Nicholas Hilliard (c.1547-1619) and Isaac Oliver (c.1565-1617)
Set into 17th century silver clasps set with table-cut diamonds
The survival of these two portraits as a pair is a fascinating insight into the patronage of rival artists at two distinct courts. Although father and son are portrayed here, their artistic preferences were far more distant than their personal relationship.
Nicholas Hilliard became limner to James I after Elizabeth I died in 1603. Hilliard’s status and importance in fashioning the late Queen’s image was such that his continued appointment at court represented stable continuity at the change of monarch. Though based in Scotland, James would have had access to Hilliard’s portrait miniatures which were sent to the Edinburgh court.[1] As Elizabeth Goldring points out in her biography of the artist, after his accession James was keen to accentuate his ‘Englishness’ to all – using Hilliard so openly to paint not only his own image, but to design seals and medals was a way of promoting this.[2]
In contrast, the court of James’s wife, Queen Anne, and that of his eldest son, Henry, Prince of Wales, favoured Hilliard’s chief rival and former pupil, Isaac Oliver. Although Hilliard was commissioned to paint Henry as a young boy, by the time the prince established his own household at the age of sixteen in 1610 (as Prince of Wales) Oliver was his chief image-maker.[3]

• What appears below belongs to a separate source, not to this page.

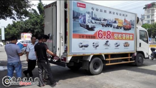 近日,為了滿足二三級及縣份市場的需求,廣西江鈴輕卡走進南寧重點縣份賓陽展開巡展活動,巡展期間,江鈴新老客戶朋友在家門口即可親身體驗凱銳N800試乘試駕,同時廣西江鈴還為車友們準備一份精美禮品。
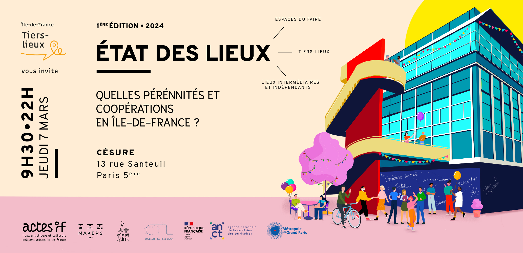Pour la première fois, le consortium Île-de-France Tiers-Lieux, regroupement des 4 réseaux de lieux franciliens (A+ c'est mieux !, Actes If, Makers IDF, le Collectif des Tiers-Lieux) a organisé le 7 mars 2024 à Césure, une rencontre régionale des acteur.ices des tiers-lieux.

This portrait of James I, previously unrecorded but miraculously surviving with its pendent of his son, Henry, Prince of Wales, shows him wearing a white doublet with jewelled gold buttons and the Garter badge suspended from a blue ribbon around his neck. A larger version of the present miniature, showing James painted in this same costume is in the Royal Collection and is dated 1614.[4]
The portrait of Henry can be dated to the year of his death, 1612, or possibly later to circa 1614 when the portrait of his father James was painted. However, the portrait would appear to be a highly individualised one, with the armour the same design as that shown in the cabinet miniature by Oliver in the Royal Collection of the young prince, where the Garter ribbon passes over his shoulder.[5] However, although the armour is the same in both portraits, the present work displays significant variations, the prince looking slightly younger, his face more rounded and childlike and the ruff shorter.
The two miniatures are rare in both their extremely small scale and in remaining as a pair. In terms of scale, they mimic the pair of Elizabeth I and Robert Dudley, Earl of Leicester, now in a private collection but illustrated in numerous publications.[6] Clearly designed to remain together, they were most likely commissioned as part of the mourning which followed the unexpected death of Henry at the age of eighteen.
[1] For example, portraits of Lady Rich and Elizabeth I were sent to the Scottish court between 1589 and 1596. James’s grandmother and mother also both sat to Hilliard.
[2] E. Goldring, Nicholas Hilliard; Life of an Artist, Yale, 2019, p. 251.
[3] Hilliard painted Henry in 1607, three years before he became Prince of Wales (RCIN 420893).
[4] Royal Collection Trust RCIN 420053.
[5] Royal Collection Trust RCIN 420058.
[6] For example, in E. Goldring, Robert Dudley, Earl of Leicester, and the World of Elizabethan Art: Painting and Patronage at the Court of Elizabeth I, Yale University Press, 2014, this pair are illustrated on the back of the book sleeve.